Given data section start

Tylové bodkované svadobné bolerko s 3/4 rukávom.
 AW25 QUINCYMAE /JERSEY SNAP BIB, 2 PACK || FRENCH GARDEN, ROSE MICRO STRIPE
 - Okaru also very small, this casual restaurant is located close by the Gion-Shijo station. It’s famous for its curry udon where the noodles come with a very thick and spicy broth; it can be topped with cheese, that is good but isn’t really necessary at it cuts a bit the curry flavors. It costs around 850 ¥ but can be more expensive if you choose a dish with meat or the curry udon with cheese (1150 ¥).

Given data section end
Given data section start

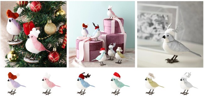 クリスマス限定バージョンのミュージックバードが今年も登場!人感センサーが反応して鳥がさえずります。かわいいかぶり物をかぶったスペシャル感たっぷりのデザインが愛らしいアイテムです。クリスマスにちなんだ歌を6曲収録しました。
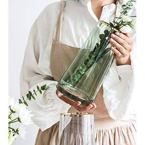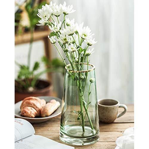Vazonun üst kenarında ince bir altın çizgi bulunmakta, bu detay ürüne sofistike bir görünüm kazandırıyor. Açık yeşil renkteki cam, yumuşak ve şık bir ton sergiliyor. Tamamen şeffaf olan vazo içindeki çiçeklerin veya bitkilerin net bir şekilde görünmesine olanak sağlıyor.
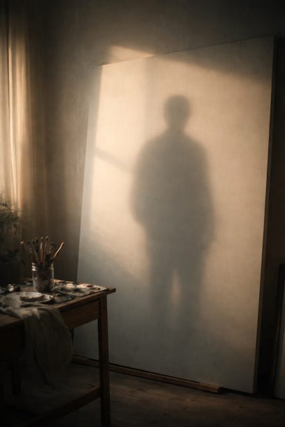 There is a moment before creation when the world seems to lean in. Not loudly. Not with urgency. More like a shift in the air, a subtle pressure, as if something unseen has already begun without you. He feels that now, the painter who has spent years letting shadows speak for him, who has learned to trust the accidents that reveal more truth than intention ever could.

Given data section end
Given data section start

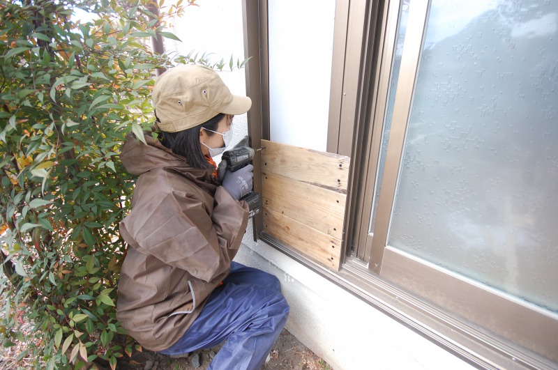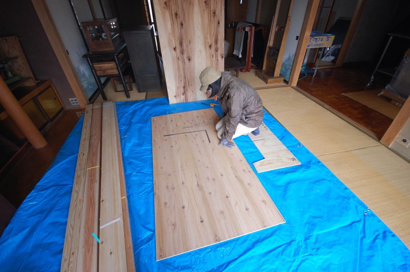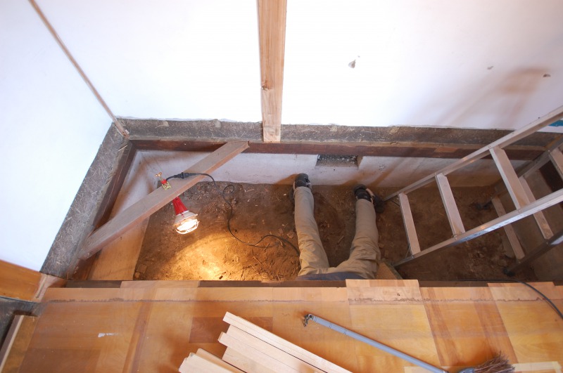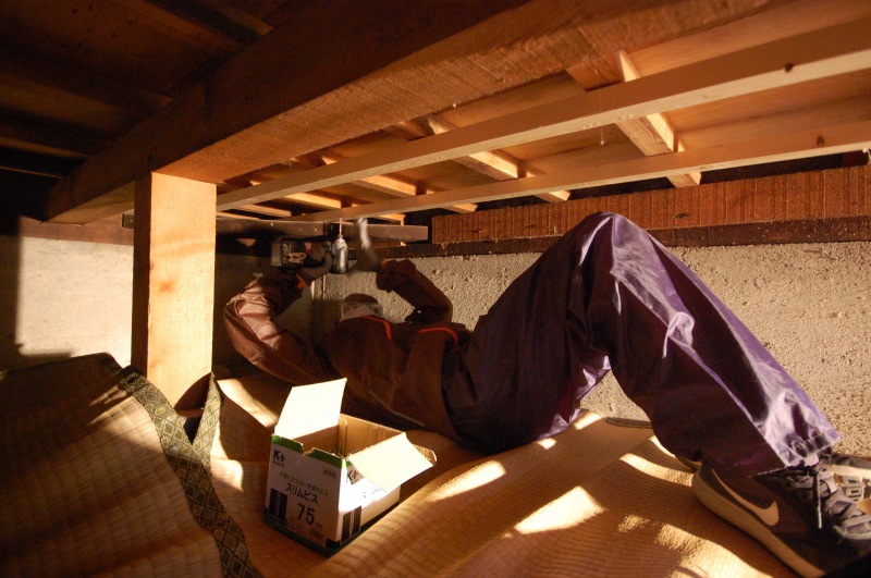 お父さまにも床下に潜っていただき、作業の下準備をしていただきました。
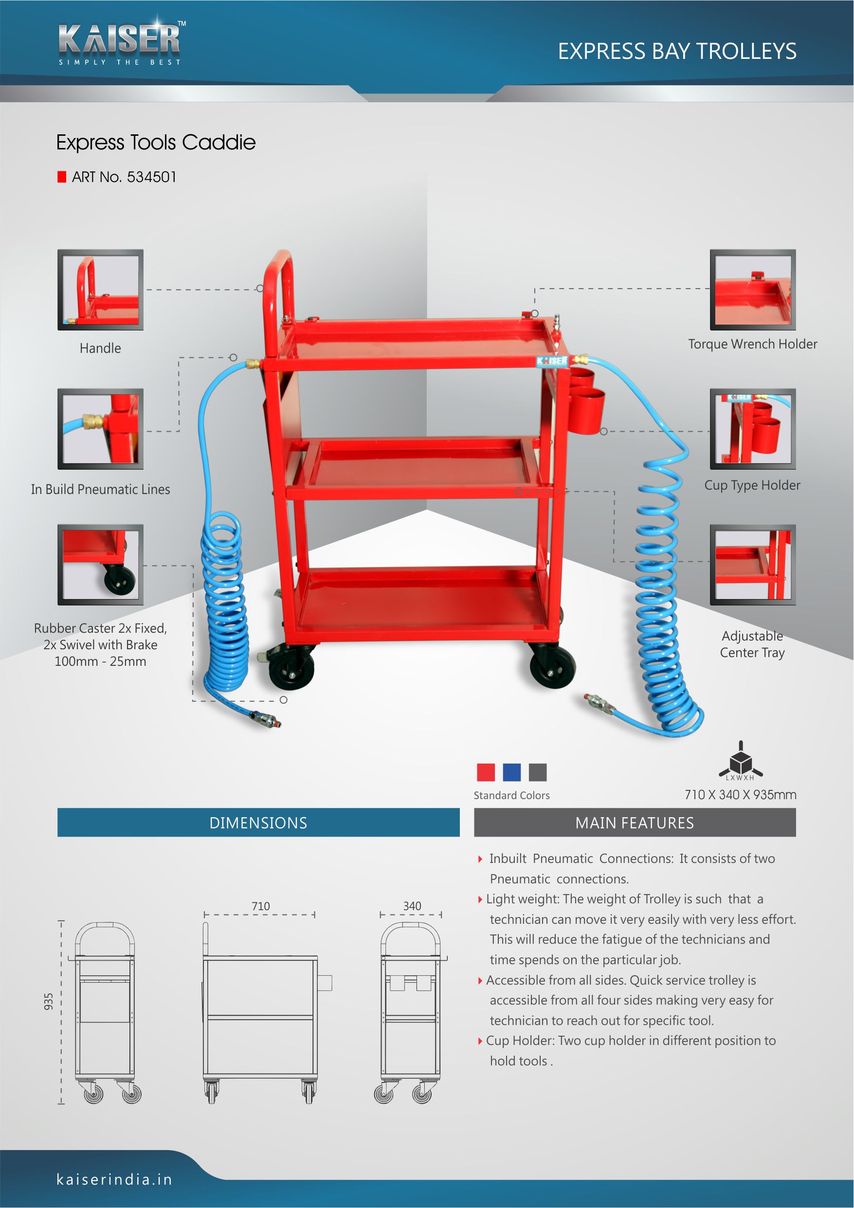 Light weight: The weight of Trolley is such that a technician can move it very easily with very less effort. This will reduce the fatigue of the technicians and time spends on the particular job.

Given data section end

**Exercise**
Copy word for word the span of the records above that begins at the line with "お父さまにも床下に潜っていただき、作業の下準備をしていただきました。" and ends at the line with "Light weight: The", including those two lines but not the pictures.

**Result for this task**
 お父さまにも床下に潜っていただき、作業の下準備をしていただきました。
 Light weight: The weight of Trolley is such that a technician can move it very easily with very less effort. This will reduce the fatigue of the technicians and time spends on the particular job.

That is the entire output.